Foreclosure filings rose on an annual basis in 39 states to a total of 252,363 properties during the month, with Nevada, California, Arizona and Florida posting the highest foreclosure rates.

One out of every 501 U.S. households received a notice of default, auction sale or bank repossession in June, RealtyTrac said.

'June was the second straight month with more than a quarter million properties nationwide receiving foreclosure filings," said James J. Saccacio, chief executive officer of RealtyTrac. "We have not yet reached the top of this foreclosure cycle.'"


U.S. News & World Report is reporting:

"As if the U.S. economic slump, the housing crisis, surging oil and food prices, and a general sense that things are not going all that well weren't enough, a new study forecasts that China will become the 'pre-eminent world commercial influence' by 2035, when it surpasses the U.S. economy. The study released today is by Albert Keidel, who specializes in China economic issues at the Carnegie Endowment for International Peace. It is clear that China's economic juggernaut will have far-reaching implications for economic, diplomatic, and military matters in coming years--the subject of Keidel's study titled 'China's Economic Rise--Fact and Fiction.' "

Just one day before the Nation's birthday celebration, NPR reported:

"62,000 jobs were cut from company payrolls in June, and the number of laid-off workers seeking benefits also rose sharply last week in further signs of a slowing U.S. economy.

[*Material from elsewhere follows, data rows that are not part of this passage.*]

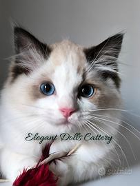 Allevamento Elegant Dolls - Roma Socio dell'associazione ANFI, del club Ragdoll Cattery Club Italiano e socio fondatore dell'Italian Ragdoll Club Lui si chiama Orfeo, un meraviglioso cucciolo maschio Seal Bicolor, nato il 31 gennaio, dal carattere estremamente dolce e affettuoso. È un gattino socievole, vivace e giocherellone, che ama interagire con le persone ma anche rilassarsi tra le braccia del suo umano di riferimento, ricambiando le coccole con tantissimi "baci". Il suo pelo è soffice e vellutato al tatto. Orfeo è già ben educato alla vita domestica: utilizza correttamente la lettiera e il tiragraffi, è abituato al bagno in casa, e segue un'alimentazione varia che comprende sia crocchette di qualità sia cucina casalinga. Entrambi i genitori sono testati e negativi per le principali malattie genetiche della razza, tra cui HCM (cardiomiopatia ipertrofica) e PKD (rene policistico), oltre a FIV e FeLV. Orfeo verrà affidato completo di: - Sverminazioni - Vaccinazioni - Analisi delle feci - Microchip - Passaggio di proprietà ANFI - Pedigree ANFI Questo splendido gattino di razza è pronto per entrare in una nuova casa e diventare parte integrante della famiglia. Cerchiamo per Orfeo una famiglia responsabile, amorevole e consapevole, capace di offrirgli cure, stabilità e tanto affetto per tutta la vita. Come allevamento, offriamo consegna in tutta Italia. Per chi non ha la possibilità di venirci a trovare di persona, siamo disponibili a organizzare videochiamate conoscitive, così da permettere di conoscere Orfeo. È gradita presentazione! #ragdoll #disponibile #roma #ragdollroma #cucciolodisponibile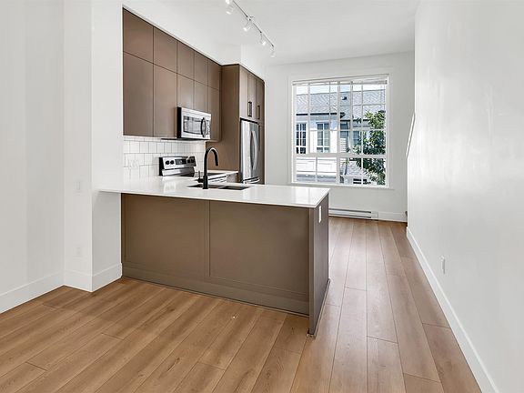 MOVE-IN READY! Welcome to Gardner by Mosaic Homes in the heart of West Abbotsford. This bright and modern 2 bedroom, 2 bathroom townhome offers 1,067 sqft of living space, making it the perfect starter home for a young family or first-time buyers. Step inside to an open-concept main floor with 10 ft ceilings, oversized windows, and a walk-out kitchen/living area that flows seamlessly to your private patio. The kitchen features quartz countertops, stainless steel appliances, and plenty of storage, ideal for both everyday living and entertaining. Upstairs, you’ll find two spacious bedrooms and two full bathrooms, providing comfort and privacy for family and guests. The home also includes tandem parking for 2 vehicles & is an amazing location close to everything! Unit has a East facing door.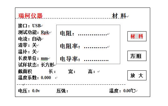 液晶顯示:電阻、電阻率、方阻、溫度、單位換算、溫度系數、電流、電壓、探針形狀、探針間距、厚度、電導率 |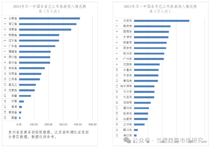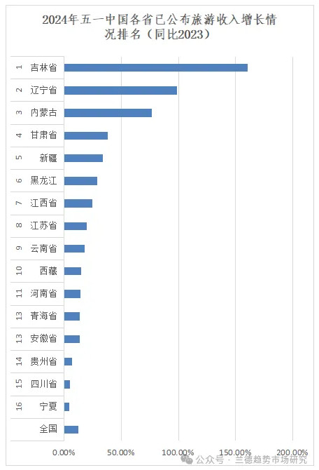引入增長統(tǒng)計(jì)的原因在于,旅游絕對值數(shù)據(jù)受經(jīng)濟(jì)、人口、地域面積、旅游資源分配等影響,即便統(tǒng)計(jì)結(jié)果準(zhǔn)確也不能反映當(dāng)?shù)芈糜伟l(fā)展速度,增長統(tǒng)計(jì)結(jié)果在一定程度上能夠看出當(dāng)?shù)禺?dāng)年或者當(dāng)期在旅游經(jīng)濟(jì)發(fā)展上所做的努力。增長率統(tǒng)計(jì)主要采用的是2024年五一和2023年五一同比數(shù)據(jù)。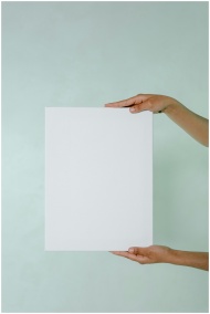 White blank card held by hands against a minimalis

The separate Labor Department reports Thursday seemed to underscore that the economy is in a substantial downturn, if not a recession.

The cuts in June marked the sixth straight month that employers have trimmed payrolls. Gains in education, health services, leisure and hospitality, and government were not enough to offset heavy losses in construction, manufacturing, business services and retailing."

And yesterday the CEO of 12 US Airlines sent the following open letter to their customers:

Our country is facing a possible sharp economic downturn because of skyrocketing oil and fuel prices, but by pulling together, we can all do something to help now.

For airlines, ultra-expensive fuel means thousands of lost jobs and severe reductions in air service to both large and small communities. To the broader economy, oil prices mean slower activity and widespread economic pain. This pain can be alleviated, and that is why we are taking the extraordinary step of writing this joint letter to our customers.

Since high oil prices are partly a response to normal market forces, the nation needs to focus on increased energy supplies and conservation. However, there is another side to this story because normal market forces are being dangerously amplified by poorly regulated market speculation.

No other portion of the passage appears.